The concentrations in the single-dosing experiments were likely determined at a point in time when concentrations were increasing or decreasing and may thus not represent maximum tissue concentrations and certainly not steady-state concentrations. Whole blood MDA concentrations were not significantly higher than in control rats after 7 wk of low-level exposure to α-cypermethrin, curcumin or α-cypermethrin plus curcumin. Simultaneous ingestion of α-cypermethrin and curcumin, however, significantly reduced MDA concentrations in comparison with exposure to α-cypermethrin alone (Table 2). α-Cypermethrin-feeding, alone or in combination with curcumin, did

not alter MDA concentrations in the liver, kidney, brain or visceral and subcutaneous adipose tissues (Table 3). Application BIBW2992 concentration of a single dose of 125 mg/kg bodyweight cypermethrin by oral gavage previously Ceritinib price resulted in increased concentrations of MDA in plasma (by 54%), liver, and kidney in female

Wistar rats [9]. Other authors also reported increased markers of oxidative damage (MDA, thiobarbituric acid reactive substances, or “oxidation index”) in erythrocytes, brains, livers, or kidneys after single (≥100 mg/kg bodyweight) or repeated (≥12.5 mg/kg bodyweight for ≥28 d) gastric intubation of rats [11], [13], [23], [27] and [41]. At low doses of 2.5 mg cypermethrin per kg BW for 60 d, however, no lipid peroxidation was observed in erythrocytes [27]. Whole blood concentrations of total glutathione did not differ from control in α-cypermethrin- and α-cypermethrin plus curcumin-fed rats, but were significantly lower in only curcumin-fed rats (Table 2), although the extent of the effect was small. Bacterial neuraminidase In liver and adipose tissues, reduced glutathione concentrations were similar in all groups. Only in the kidney, the combination of α-cypermethrin plus curcumin significantly increased reduced glutathione concentrations, whereas the pesticide and the phytochemical alone, did only numerically increase it (Table 3).

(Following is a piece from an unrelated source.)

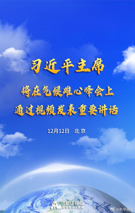 新華社北京12月11日電 外交部發(fā)言人華春瑩11日宣布:應(yīng)聯(lián)合國秘書長(zhǎng)古特雷斯、法國總統(tǒng)馬克龍、英國首相約翰遜、智利總統(tǒng)皮涅拉、意大利總理孔特聯(lián)名邀請(qǐng),國家主席習(xí)近平將于12月12日出席氣候雄心峰會(huì)并發(fā)表重要講話。會(huì)議將以視頻方式舉行。
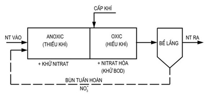 - Xử lý sinh học hiếu khí (Oxic): Là dạng bể sinh học với bùn hoạt tính được xáo trộn hoàn toàn nhờ quá trình sục khí. Tại bể hiếu khí, thường duy trì DO > 3 mg/l để các chất hữu cơ được phân hủy tối ưu. Ngoài các chất hữu cơ được phân hủy tạo thành CO2 và H2O, các chất vô cơ được chuyển hóa đến dạng cuối cùng của chuỗi oxy hóa của các hợp chất vô cơ như Phopho (thành (PO4)3-), lưu huỳnh (thành (SO4)3-), Nitơ (Thành NO3–). Bể hiếu khí thường phải kết hợp với bể lắng sinh học để tách sinh khối bùn ra khỏi nước thải sau xử lý. Bùn tách ra được tuần hoàn 100% về bể thiếu khí (Anoxic), hoặc được xả bỏ lượng bùn dư trong hệ thống.

The oxidized form of glutathione,

glutathione disulfide, was significantly higher in the kidney and subcutaneous adipose tissue and numerically increased in the liver and visceral adipose tissue of α-cypermethrin-fed rats compared to control animals (Table 3). Ingestion of curcumin did not affect glutathione disulfide concentrations in these tissues and, consequently, its co-ingestion with α-cypermethrin did not mitigate the α-cypermethrin-induced increase in glutathione disulfide concentrations (Table 3). In comparison to control, α-cypermethrin, curcumin, or the combination of both did not alter SOD activity. Compared to α-cypermethrin-fed rats, the combination of α-cypermethrin and curcumin increased SOD activity (Table 2). CAT activity in whole blood was not different between groups (Table 2).